**INFORMATION SUPPLIED**
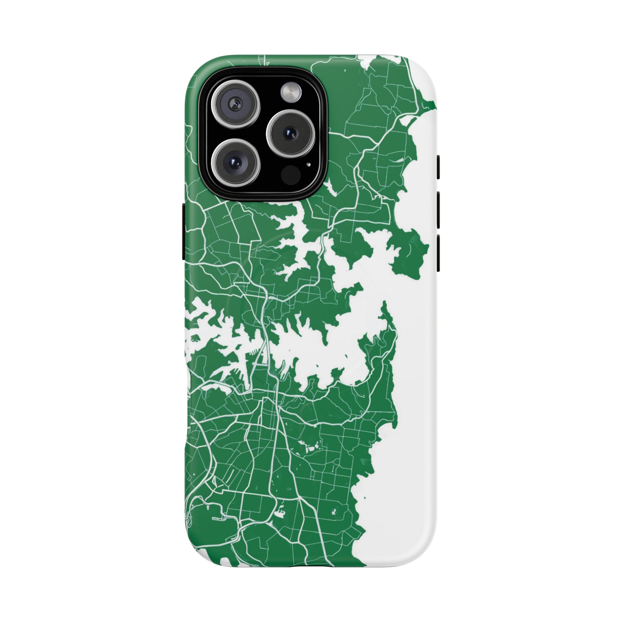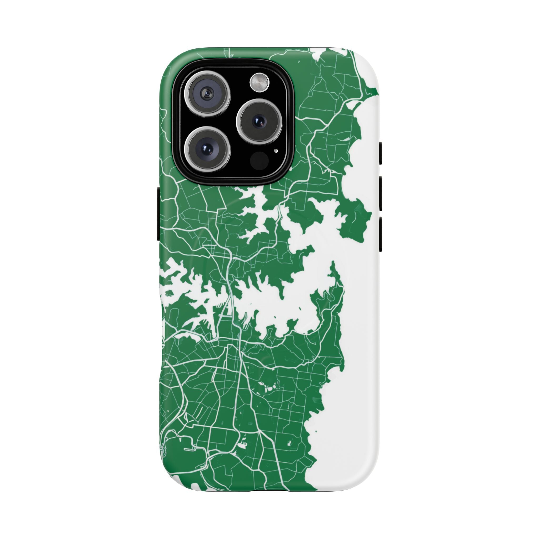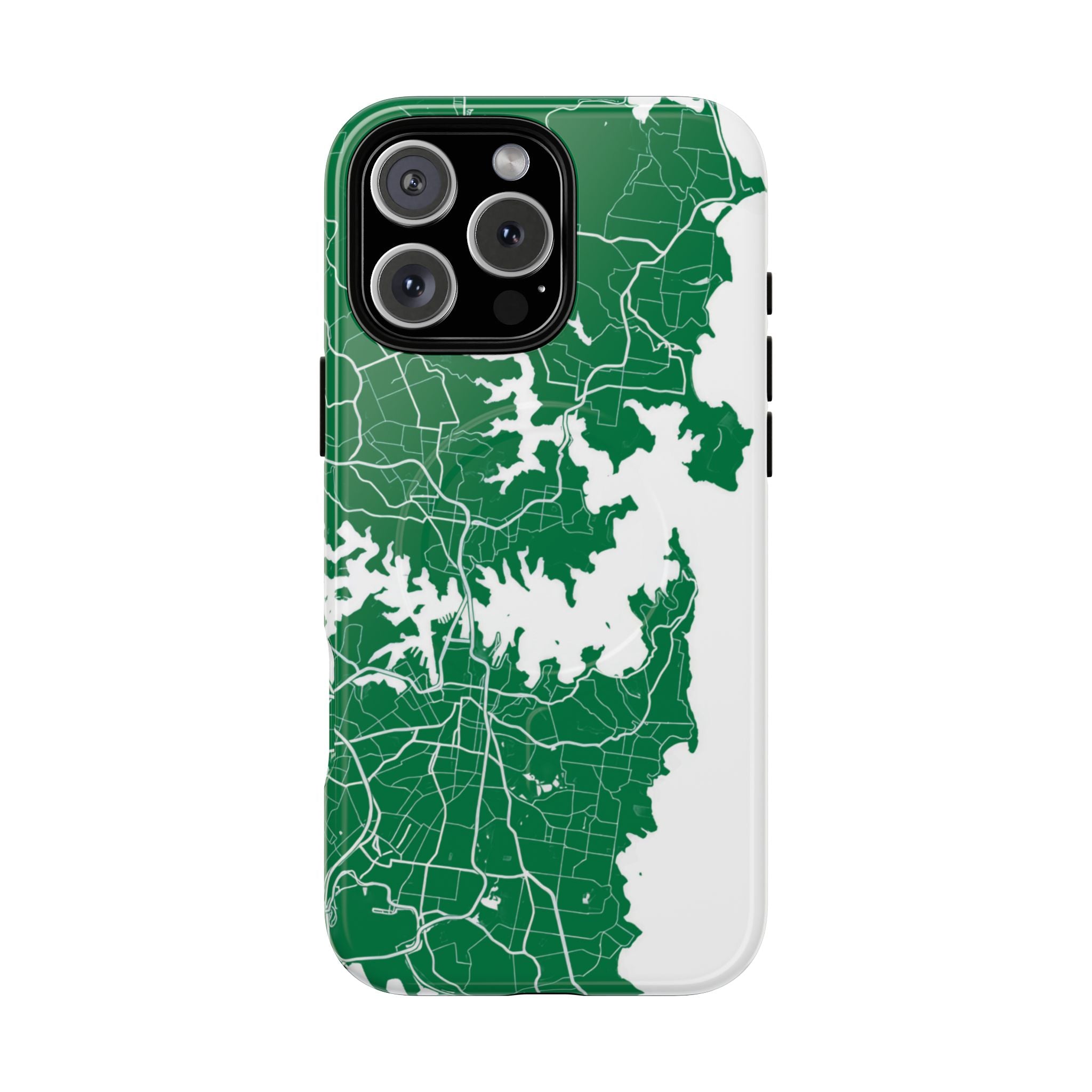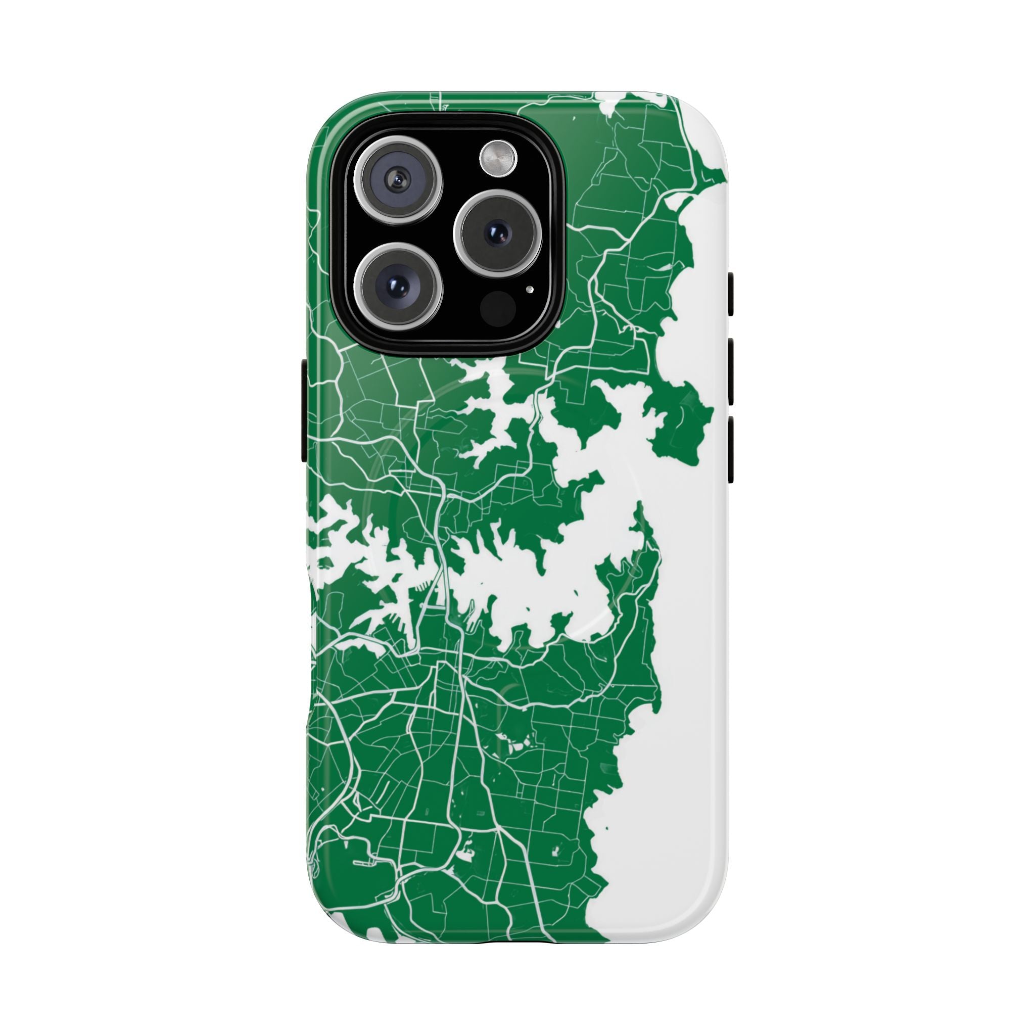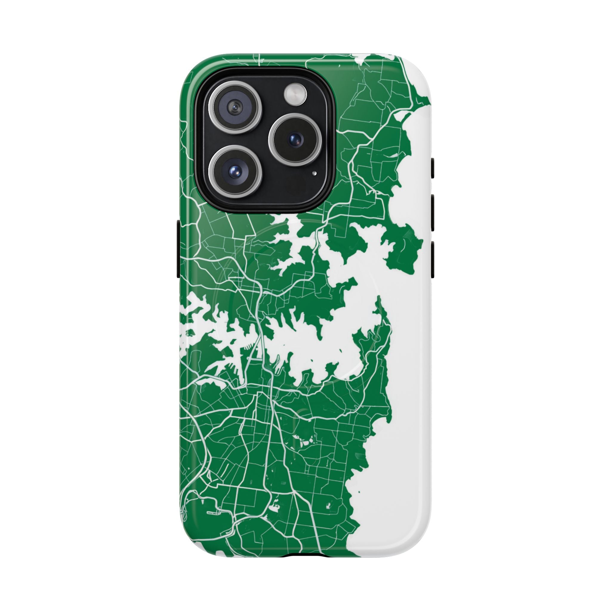 An embedded magnetic ring supports MagSafe® compatibility, allowing effortless attachment of chargers and magnetic accessories. Available in matte or glossy premium finishes, the Sydney Street Map Phone Case – Harbour Edition (Green) blends reliable durability with a refined, city-inspired aesthetic designed for everyday carry.
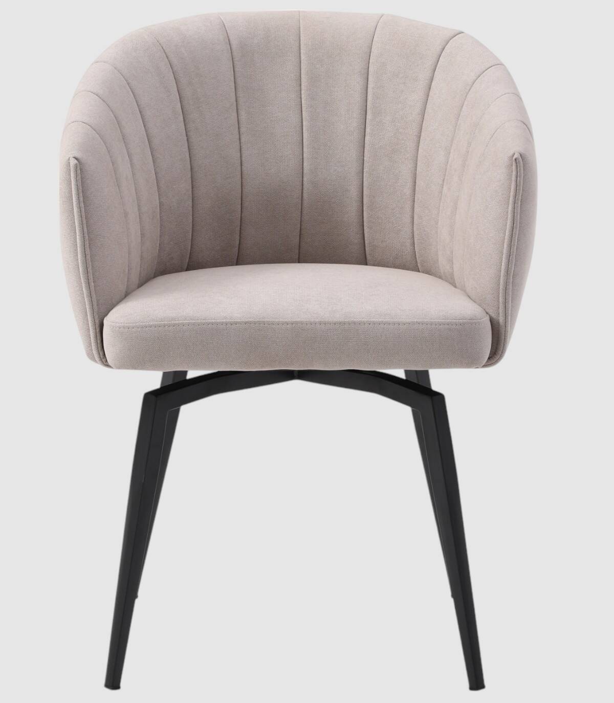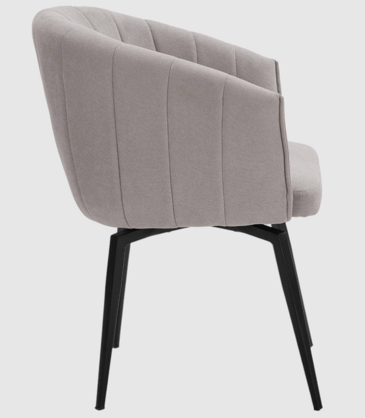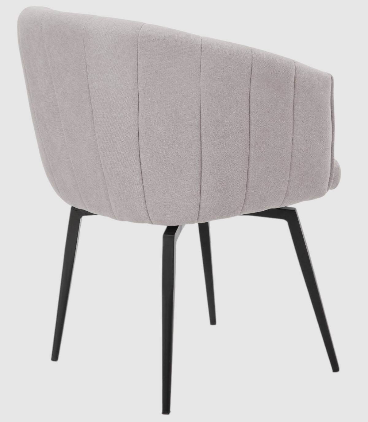 El sillón Tarey se compone de asiento, respaldo y reposabrazos tapizados de color gris claro sobre estructura de metal con cuatro patas de color negro.
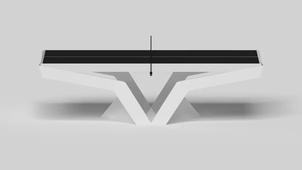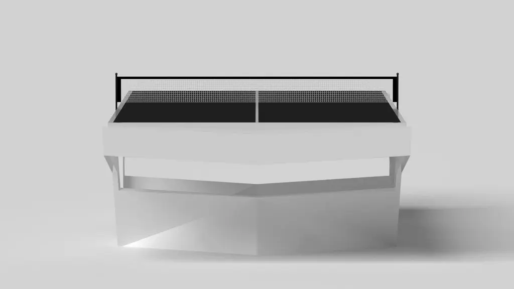 The Enzo table tennis table is Inspired by the aerodynamic angles of top-of-the-line European vehicles. Designed with sleek, V-shaped lines and a thoughtful use of negative space, this table boasts an energetic sense of spirit while epitomizing the look of luxury and evoking the sense of speed. A perfect catalyst for encouraging hours of friendly or competitive play, this handcrafted design is available in your choice of teak, white oak, curly maple, black/white, stainless steel, and custom colors.Size:108”X60”X30”Custom Sizes Available Per Request
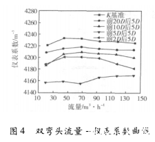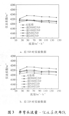 a.在雙彎頭的各工況中,前20D儀表系數隨流量的增加變化平緩,前10D和前5D有明顯上升趨勢,前2D有明顯下降趨勢,說明前10D、5D、2D的線性度較前20D的差。

**TASK TO CARRY OUT**
Beginning with the line that holds "El sillón Tarey", output each line to the end of the material above, exactly, omitting the pictures.

**RESPONSE TO THE TASK**
 El sillón Tarey se compone de asiento, respaldo y reposabrazos tapizados de color gris claro sobre estructura de metal con cuatro patas de color negro.
 The Enzo table tennis table is Inspired by the aerodynamic angles of top-of-the-line European vehicles. Designed with sleek, V-shaped lines and a thoughtful use of negative space, this table boasts an energetic sense of spirit while epitomizing the look of luxury and evoking the sense of speed. A perfect catalyst for encouraging hours of friendly or competitive play, this handcrafted design is available in your choice of teak, white oak, curly maple, black/white, stainless steel, and custom colors.Size:108”X60”X30”Custom Sizes Available Per Request
 a.在雙彎頭的各工況中,前20D儀表系數隨流量的增加變化平緩,前10D和前5D有明顯上升趨勢,前2D有明顯下降趨勢,說明前10D、5D、2D的線性度較前20D的差。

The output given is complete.